▶ [THE DATA]
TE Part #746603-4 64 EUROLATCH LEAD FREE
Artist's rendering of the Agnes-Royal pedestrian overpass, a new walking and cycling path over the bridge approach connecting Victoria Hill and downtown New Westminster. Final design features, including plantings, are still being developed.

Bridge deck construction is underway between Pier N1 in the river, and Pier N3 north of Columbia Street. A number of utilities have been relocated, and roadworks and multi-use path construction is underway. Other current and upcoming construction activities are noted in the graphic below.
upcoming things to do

...

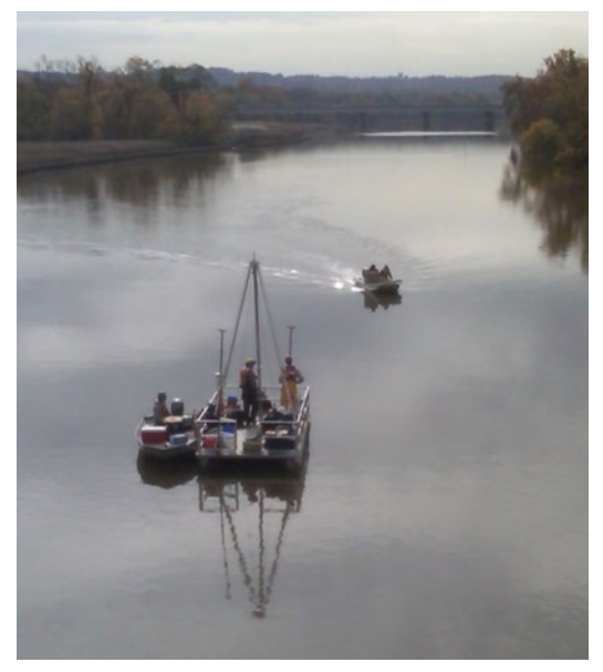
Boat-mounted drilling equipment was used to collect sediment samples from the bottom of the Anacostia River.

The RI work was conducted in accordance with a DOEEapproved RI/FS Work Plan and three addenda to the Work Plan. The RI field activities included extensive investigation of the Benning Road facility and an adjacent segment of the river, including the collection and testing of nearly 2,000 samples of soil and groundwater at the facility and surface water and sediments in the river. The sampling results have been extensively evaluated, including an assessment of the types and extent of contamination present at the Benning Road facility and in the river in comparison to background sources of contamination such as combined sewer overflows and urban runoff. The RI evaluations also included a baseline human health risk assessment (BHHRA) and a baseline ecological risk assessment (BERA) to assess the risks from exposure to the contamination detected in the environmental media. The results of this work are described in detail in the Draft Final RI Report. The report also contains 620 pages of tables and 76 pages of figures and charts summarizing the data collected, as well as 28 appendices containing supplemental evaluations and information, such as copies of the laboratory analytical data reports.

▶ [TASK STATEMENT] Take exactly the lines from the one containing "TE Part #746603-4 64 EUROLATCH LEAD FREE" through the one containing "upcoming things to do" in the data above, and output them with nothing added.

▶ [YOUR SOLUTION]
TE Part #746603-4 64 EUROLATCH LEAD FREE
Artist's rendering of the Agnes-Royal pedestrian overpass, a new walking and cycling path over the bridge approach connecting Victoria Hill and downtown New Westminster. Final design features, including plantings, are still being developed.

Bridge deck construction is underway between Pier N1 in the river, and Pier N3 north of Columbia Street. A number of utilities have been relocated, and roadworks and multi-use path construction is underway. Other current and upcoming construction activities are noted in the graphic below.
upcoming things to do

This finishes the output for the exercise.